Still, Alex is the best thing about the film. Novice actor Eugene Hutz (frontman for the gypsy-punk band Gogol Bordello) does right by the character, nailing his faux-confident swagger and his charming eagerness to please a sophisticated American.
Hutz bridges the gap between his two co-stars. As the American, Elijah Wood is a caricature of obsessive introspection. Wearing a crisp black suit, spit-combed hair and huge spectacles that make a joke out of his saucer-sized eyes, Wood has a habit of plucking up bits of detritus and preserving them in Ziploc bags, hoping to collect a tangible chronicle of fleeting emotions. He's a weirdo, in other words, where the novel's hero was your average overeducated New York writer-to-be. This decision is harder to justify than the film's focus on the present, in that we have a more difficult time identifying with Wood, who even in the best circumstances is not the world's most accessible actor.

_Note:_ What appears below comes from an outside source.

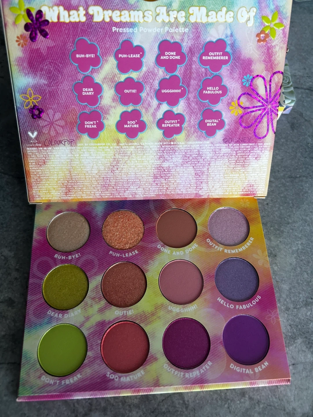 Selling a ColourPop eyeshadow palette from the Disney Lizzie McGuire collection! The palette is called "What Dreams Are Made Of" and features a variety of fun, vibrant colours. It's in great condition and ready for a new look!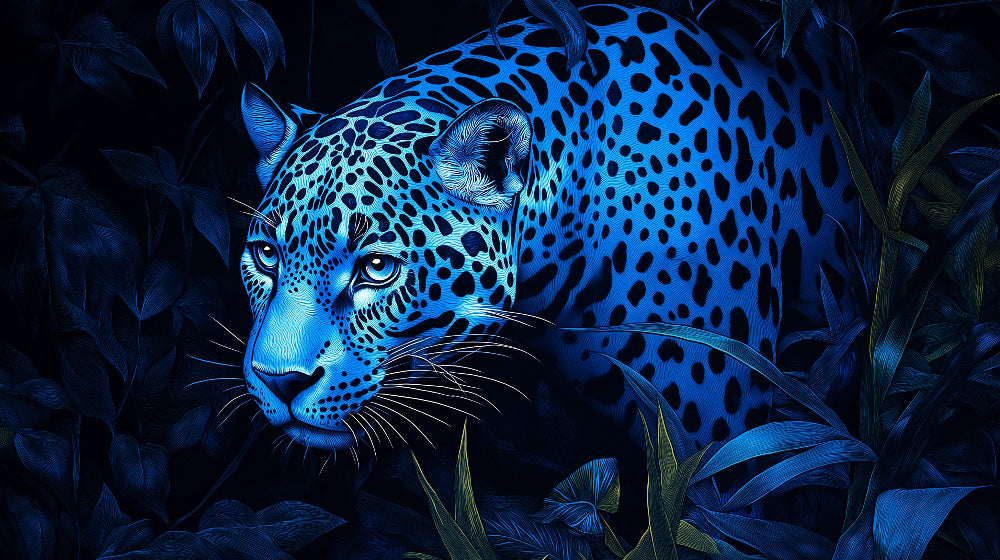 Papier Peint Mural Léopard | Bête de la Jungle Bleu Néon

Making Wood a cartoon, though, does shift some attention to the story's hidden source of pathos, Alex's unnamed Grandfather (Boris Leskin). Ostensibly the hired driver on this expedition, Grandfather obviously has some ties to the town he's been hired to find. If the film is coy about its interest in Grandfather's history, it's only because Schreiber wants its eventual revelation to be, well, revelatory and while the emotional climax is handled in a fairly conventional way, Schreiber succeeds in humanizing the character, who is a stand-in for all the real-world old men and women who are reluctant to talk about their World War II experiences.
Like many an actor-turned-director, Schreiber is eager to show he has an artistic vision. As a result, "Everything Is Illuminated" is a sometimes distractingly stylized film, boasting perfect acres of sunflowers and meticulous arrays of collected junk. The value of all this is debatable, but Schreiber never loses sight of the human emotions that made him care about this story in the first place.